Example 2-43 Nexus 1000v vEthernet Port Profiles
port-profile type vethernet MGMT34
vmware port-group
switchport mode access
switchport access vlan 34
pinning id 6
service-policy type qos input mgmt
no shutdown
max-ports 1024
description Management Network - EAST Spirent Virtual Machines
state enabled
!
port-profile type vethernet Vmotion
vmware port-group
switchport mode access
switchport access vlan 50
pinning id 3
no shutdown
system vlan 50
max-ports 64
state enabled
•Set MAC address aging time consistent to aggregation layer Nexus 7000 and Nexus 5000. The Nexus 7000 default aging time is 1800 seconds, and the Nexus 1000v default aging time is 300 seconds.
•Redundant VSMs should be created on the Cisco Nexus 1010 pair with the Cisco Nexus 1000V Series software image.
Cisco VMDC 2.1 supports storage area network (SAN) or network-attached storage (NAS) storage options depending on the overall datacenter requirements. The following sections describe how each storage type was implemented and shows VM Datastores in use on each platform.
A SAN is a dedicated storage network that provides access to consolidated, block level storage. SANs primarily are used to make storage devices (such as disk arrays, tape libraries, and optical jukeboxes) accessible to servers so that the devices appear as locally attached to the operating system.
Cisco VMDC 2.1 utilizes a dual fabric, core-edge SAN design. The design provides redundancy at key failure points to ensure reliable end-to-end connectivity for both the hosts and storage array.

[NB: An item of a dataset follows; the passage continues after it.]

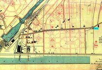 Das Alter der Pläne erklärt sich durch das Fehlen der Neuen Schleuse und den noch sehr schmalen Kanalquerschnitt, so wie auch die alte Bezeichnung Koogstraße für die spätere Fährstraße.

Figure 2-26 SAN dual fabric implementation
To ensure data separation, scalability, and future expansion, as well as high availability and redundancy at key points of failure, the following software features were enabled in Cisco VMDC 2.1:
•VSANs-General data separation
•IVR - Inter-VSAN Routing (IVR)
•Zone/Zoneset-Granular data separation
•NPV/NPIV-Host end scalability
Some additional details are provided around the following implementations:
•UCSM WWNN/WWPN Pools
•UCS Boot From SAN
•Virtual Machine Datastore
Virtual SANs (VSANs) improve storage area network (SAN) scalability, availability, and security by allowing multiple Fibre Channel SANs to share a common physical infrastructure of switches and ISLs. These benefits are derived from the separation of Fibre Channel services in each VSAN and the isolation of traffic between VSANs. Data traffic isolation between the VSANs also inherently prevents sharing of resources attached to a VSAN, such as robotic tape libraries. Unlike a typical fabric that is resized switch-by-switch, a VSAN can be resized port-by-port.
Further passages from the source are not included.